II. Requests for Monetary Sanctions

Both parties make code-complaint requests for monetary sanctions in connection with this motion. Plaintiff requests an award of monetary sanctions in the amount of $2,340 against Defendant. Defendant requests an award of monetary sanctions in the amount of $2,890 against Plaintiff and her attorney.

A. Defendant’s Request

Defendant requests monetary sanctions pursuant to Code of Civil Procedure section 2033.290 on the ground that Plaintiff failed to act with substantial justification in bringing the instant motion.

Code of Civil Procedure section 2033.290 provides that “[a] court shall award monetary sanctions against a party who unsuccessfully makes or opposes a motion to compel further responses to requests for admission unless it finds that the party subject to the sanction acted with substantial justification or that other circumstances make the imposition of sanctions unjust.” (Code Civ. Proc., § 2033.290, subd. (d).)

Plaintiff is the prevailing party.
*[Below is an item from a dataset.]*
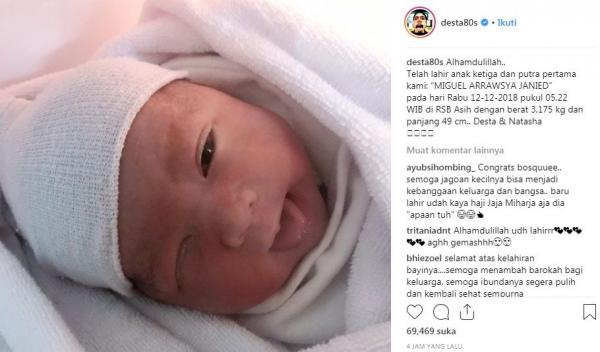 JAKARTA, iNews.id - Pasangan Natasha Rizki dan Desta akhirnya dikaruniai anak laki-laki. KAbar bahagia ini dibagikan di akun Instagramnya.
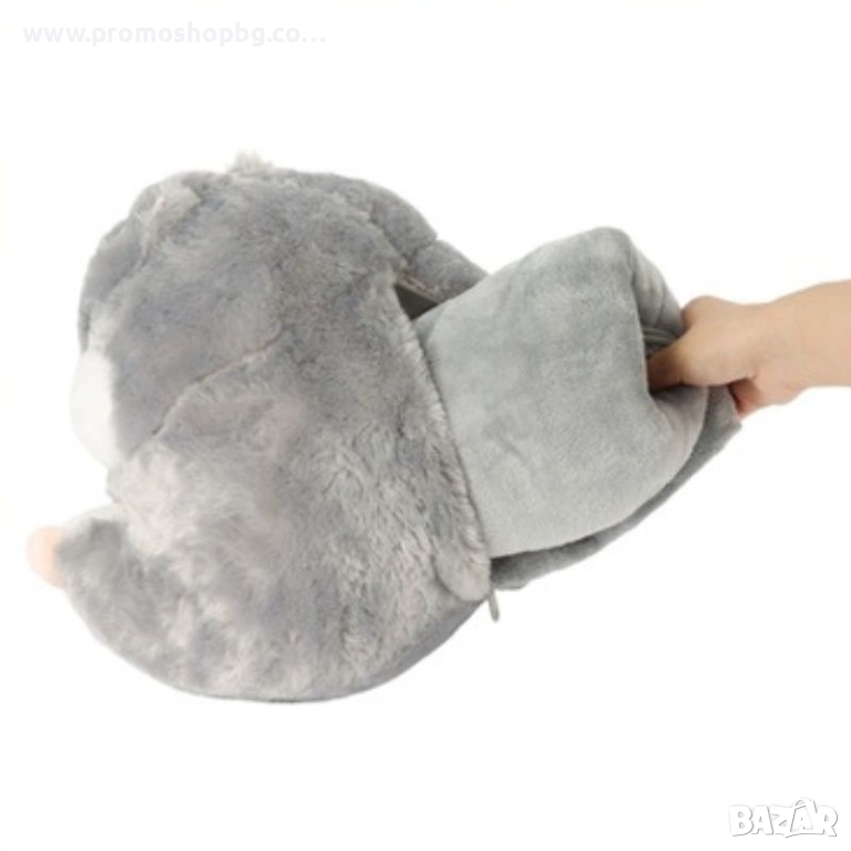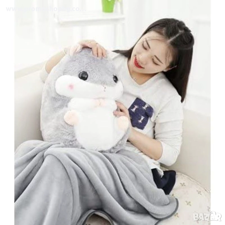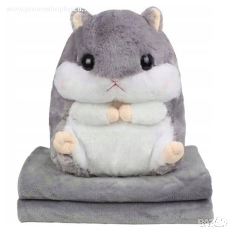 3 в 1 - Плюшена играчка Хамстер, възглавница и одеяло Kruzzel, сиво

As such, Defendant is not entitled to monetary sanctions under section 2033.290.

Defendant also requests monetary sanctions on the ground that Plaintiff failed to make a good faith attempt to meet-and confer before filing the instant motion pursuant to Code of Civil procedure section 2023.020.

Code of Civil Procedure section 2023.020 provides that a court shall impose a monetary sanction, irrespective of the outcome of the particular discovery motion, on any party or attorney who fails to confer as required. A determination as to whether an attempt at informal resolution is adequate depends upon the particular circumstances and involves the exercise of discretion. (Obregon v. Sup. Ct. (1998) 67 Cal.App.4th 424, 431.)

A review of the meet and confer correspondence shows that Plaintiff’s counsel articulated the merits of his client’s position with candor, specificity, and support. (See Townsend v. Super. Ct. (1998) 61 Cal.App.4th 1431, 1435, 1439.) After several exchanges occurred, it is clear an impasse had been reached. Thus, it was reasonable for Plaintiff’s counsel to file the instant motion. As such, Defendant is not entitled to sanctions under section 2023.020.

Accordingly, Defendant’s request for monetary sanctions is DENIED.

B. Plaintiff’s Request

Plaintiff requests monetary sanctions pursuant to Code of Civil Procedure section 2033.290. Since she is the prevailing party and the Court finds Defendant did not act with substantial justification in opposing the motion and that no other circumstances exist which would make the imposition of sanctions unjust, she is entitled to monetary sanctions under section 2033.290.

In his declaration, Plaintiff’s counsel states he spent 1.5 hours meeting and conferring and 6 hours researching and drafting the present motion to compel. Given his rate of $300 an hour, he requests a total of $2,250 in attorney’s fees. The Court does not award sanctions for time spent meeting and conferring. As such, the award is limited to 6 hours at a rate of $300 an hour, which the Court finds reasonable, for a total of $1,800 in attorney’s fees. The Court also finds Plaintiff’s request for $90 in filing fees reasonable. Thus, Plaintiff is awarded monetary sanctions in the total amount of $1,890.

Accordingly, Plaintiff’s request for monetary sanctions is GRANTED IN PART in the amount of $1,890. Defendant’s counsel shall pay $1,890 to Plaintiff’s counsel within 20 calendar days of this Order.